3. Prompt Engineering for Summarizing the video using an LLM

Now that we have a raw-text output from the video using Whisper – the next step is to summarize the text using a Large Language Model. This example uses a prompt with the Chat GPT 3.5 turbo model, however you could also use an LLM of your choice such as Hugging Face Summarization.
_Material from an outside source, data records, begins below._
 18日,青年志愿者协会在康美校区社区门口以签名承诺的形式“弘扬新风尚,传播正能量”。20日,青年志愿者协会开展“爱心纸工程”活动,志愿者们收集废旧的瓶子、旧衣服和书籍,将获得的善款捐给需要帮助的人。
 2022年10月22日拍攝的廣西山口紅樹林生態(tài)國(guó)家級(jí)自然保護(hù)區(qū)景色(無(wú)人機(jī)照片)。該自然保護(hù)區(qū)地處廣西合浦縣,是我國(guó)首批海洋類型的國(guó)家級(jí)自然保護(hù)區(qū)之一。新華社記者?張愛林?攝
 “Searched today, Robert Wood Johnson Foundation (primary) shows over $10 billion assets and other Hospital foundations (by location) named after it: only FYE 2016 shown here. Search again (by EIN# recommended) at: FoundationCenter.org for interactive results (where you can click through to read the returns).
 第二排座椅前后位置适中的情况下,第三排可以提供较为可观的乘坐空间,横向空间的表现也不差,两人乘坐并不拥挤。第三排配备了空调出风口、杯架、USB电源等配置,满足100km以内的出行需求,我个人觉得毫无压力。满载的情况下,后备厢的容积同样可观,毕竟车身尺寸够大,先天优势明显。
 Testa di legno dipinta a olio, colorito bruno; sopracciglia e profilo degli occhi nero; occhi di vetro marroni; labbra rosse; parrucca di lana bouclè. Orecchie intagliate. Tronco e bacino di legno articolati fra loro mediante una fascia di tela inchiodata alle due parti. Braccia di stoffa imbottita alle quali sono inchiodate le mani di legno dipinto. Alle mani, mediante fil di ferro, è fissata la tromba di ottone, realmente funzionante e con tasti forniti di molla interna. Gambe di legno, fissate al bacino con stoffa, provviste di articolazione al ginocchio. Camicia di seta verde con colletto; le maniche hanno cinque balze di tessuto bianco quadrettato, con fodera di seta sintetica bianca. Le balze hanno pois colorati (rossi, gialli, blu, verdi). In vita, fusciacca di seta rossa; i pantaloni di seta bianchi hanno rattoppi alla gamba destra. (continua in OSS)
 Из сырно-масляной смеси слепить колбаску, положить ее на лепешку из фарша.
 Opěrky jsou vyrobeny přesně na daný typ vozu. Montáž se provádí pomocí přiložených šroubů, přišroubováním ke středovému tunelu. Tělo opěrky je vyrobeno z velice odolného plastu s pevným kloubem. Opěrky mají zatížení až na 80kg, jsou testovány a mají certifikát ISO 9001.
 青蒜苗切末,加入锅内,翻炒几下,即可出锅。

In our example we designed a prompt asking the LLM for a Title, Introduction Paragraph, Summary with bullet points, and Conclusion from the transcript output of Whisper.

				
					system_prompt = 'I want you to act as a Life Coach.'
    prompt = f'''Create a summary of the following text.
    Text: {transcript}

    Add a title to the summary.
    Your summary should be informative and factual, covering the most important aspects of the topic.
    Start your summary with an INTRODUCTION PARAGRAPH that gives an overview of the topic FOLLOWED
    by BULLET POINTS if possible AND end the summary with a CONCLUSION PHRASE.'''

4. How to Deploy your LLM to Production Using cnvrg.io on Intel Developer Cloud resources

Once our code is working we can create a function that combines all of these steps together. In our example we have created a download.py file that has a “predict” function that will input our YouTube link and run the Whisper and LLM functions when it is called.
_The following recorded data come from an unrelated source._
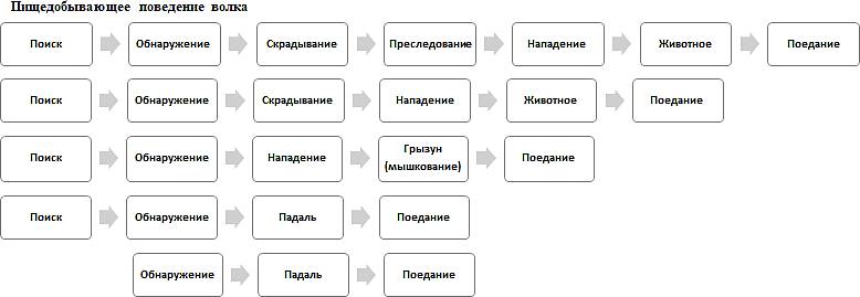 Следует подчеркнуть, что выделяемые элементы – это не столько этапы конкретного (охотничьего) поведения, сколько поведенческие модули, которые используются не только для удовлетворения пищевой потребности.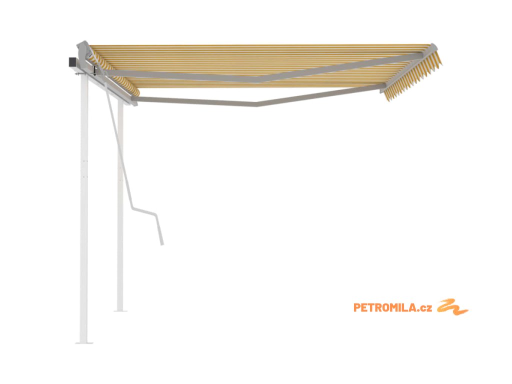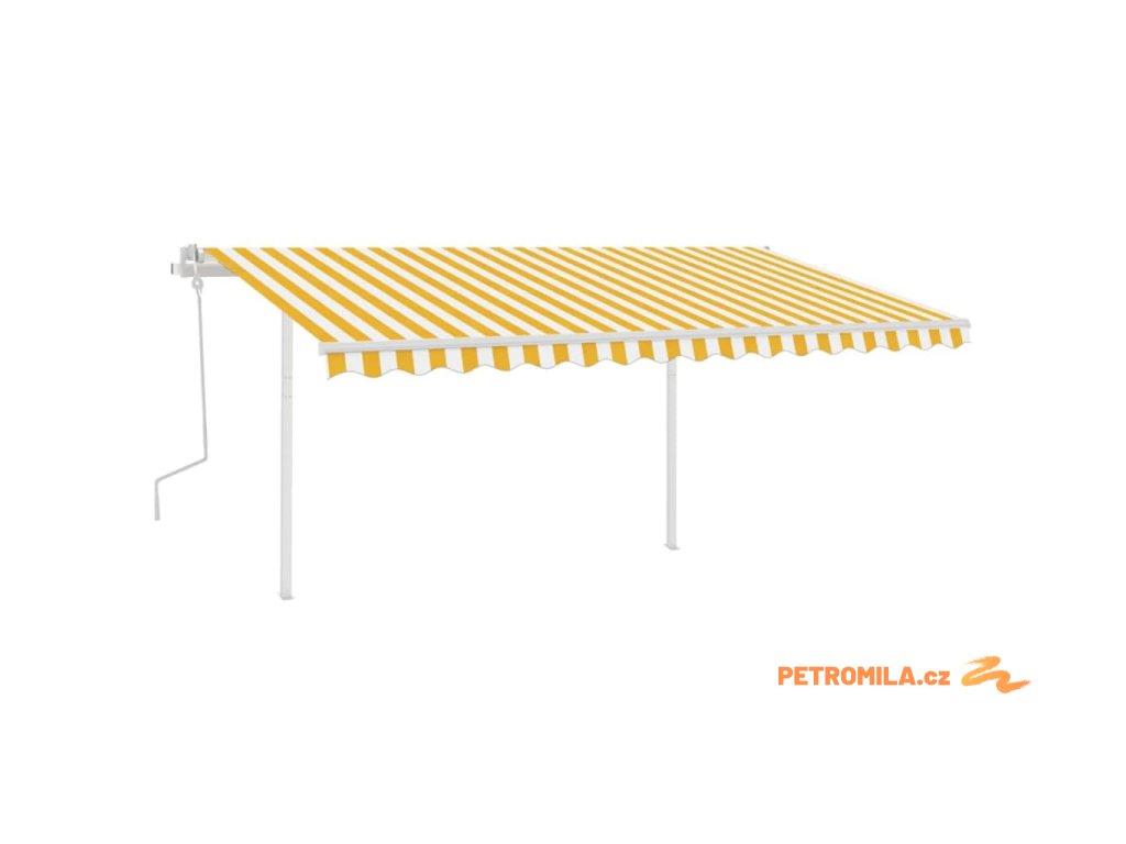 Ručně zatahovací markýza se sloupky 4 x 3,5 m žlutobílá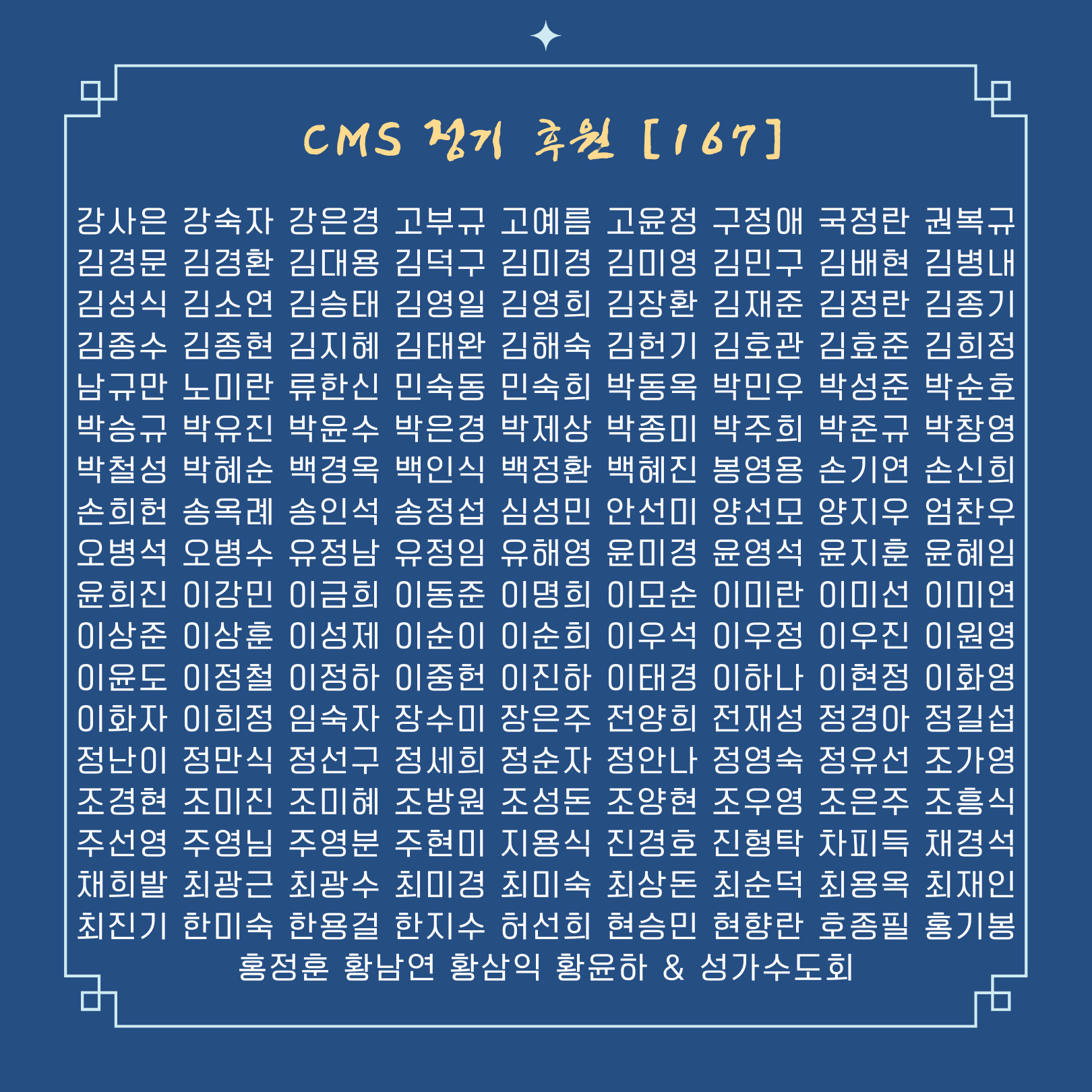 * 혹여 오기나 누락된 후원자분은 이 게시물 아래 댓글로 알려주시거나 나눔의집(032-764-0186)으로 연락주십시오.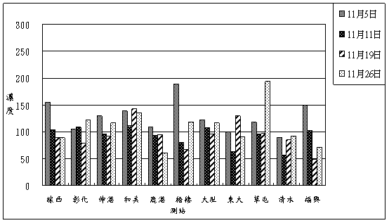 7.由11-33頁~11-37頁十一月份中部地區環保署、台電空氣品質測站空氣污染指標統計表可以看出,中部地區在11月5日超過O3 PSI限值共有8站(17/22);中部地區在十一月超過PM10限值共有15站 (15/28) ;中部地區在11月5日超過PM2.5限值共有17站 (17/17)。

Next, you can create a cnvrg.io Endpoint to serve this model on Intel Developer Cloud resources as a lightweight REST API service which can easily be queried through the web.
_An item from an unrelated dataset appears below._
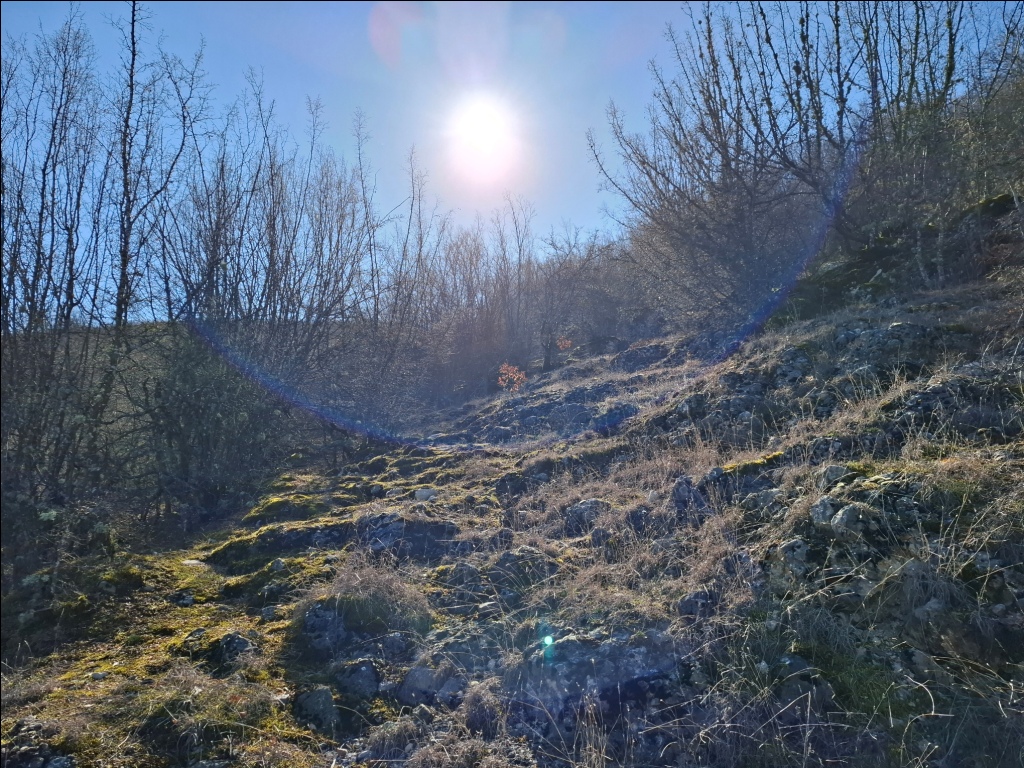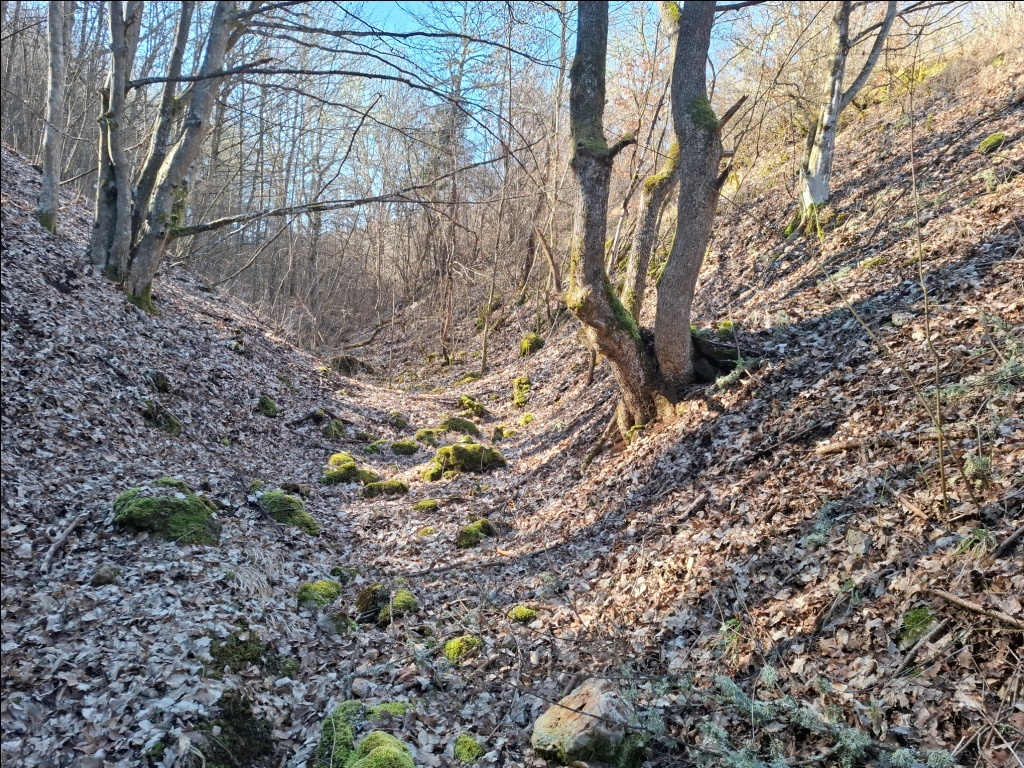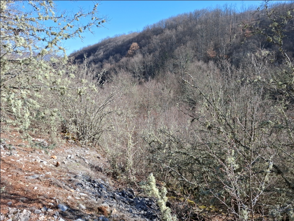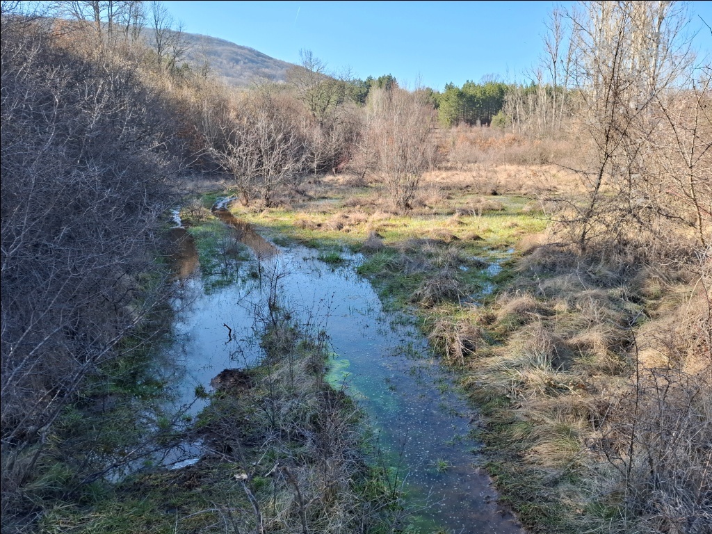 Nismo uspeli da pronađemo pravu stazu. Ispostavilo se u povratku da ona prolazi dolinom dosta više od mesta gde smo se mi nalazili. Ponovo smo se vratili u dolinu potoka jer je moja procena bila da ćemo na taj način brže proći. Uostalom, kada sam Sašom prvi put bio u ovom kraju, februara 2022. godine, upravo tako smo od Izvorske jame stigli do Provaljeničkog vrela Zlatar.

The cnvrg.io software sets up the network requirements and deploys the service to Kubernetes, allowing autoscaling to be leveraged, ensuring all incoming traffic can be accommodated, and adding an authentication token to secure access. Additionally, cnvrg.io provides an entire suite of monitoring tools to simplify the process of managing a web service and its performance.

In a few seconds our endpoint will be fully deployed and can be used in our downstream applications!

To test our example I used a Clip of Harry Potter that was in Hebrew. The end result provided our Summarization in English using the Whisper translation functionality, even though the input was not in English.

5. What next? How to Add your Own Dataset and Set Up Feedback Loop for Continual Learning

Now that we have successfully created a YouTube to Text Summarizer on cnvrg.io – there are additional tools you can use to help manage this model in a production scenario.

Using Flows – you can connect this process to your own dataset for training and auto deploy to your cnvrg.io endpoint using a Deployment Task in our Drag-and-Drop pipeline Tool.

2. Using Feedback Loops

Additionally, endpoints offer the ability to send stored predictions to a dataset using Feedback Loops. Feedback Loops allow you to manually or automatically export the data (inputs, predictions and so on) from the endpoint into a cnvrg.io dataset.

Conclusion

The new AI tools are emerging fast with powerful models at our fingertips such as Whisper, ChatGPT and other LLMs. This comprehensive guide has demonstrated how businesses and individuals can easily build an efficient AI pipeline for transcribing, translating, and summarizing video content. Combining these models into a pipeline will allow us to productionize, personalize, and scale our models in production using cnvrg.io and Intel Developer Cloud.

Whisper, an open-source neural network, serves as a robust foundation for transcribing and translating videos, while LLMs like ChatGPT excel at generating human-like text summaries. By utilizing cnvrg.io’s user-friendly interface and machine learning platform, businesses and individuals can easily integrate these technologies into their workflows, regardless of coding experience. The seamless integration of Whisper and ChatGPT with cnvrg.io’s infrastructure ensures a smooth and efficient video summarization process.

In summary, the convergence of AI technologies, open-source models, and the capabilities of cnvrg.io empowers businesses and individuals to automate video transcription, translation, and summarization processes effectively. By harnessing the power of Whisper, ChatGPT, and cnvrg.io, organizations can unlock new levels of accessibility, efficiency, and innovation in video summarization, ultimately driving productivity and enhancing their workflows.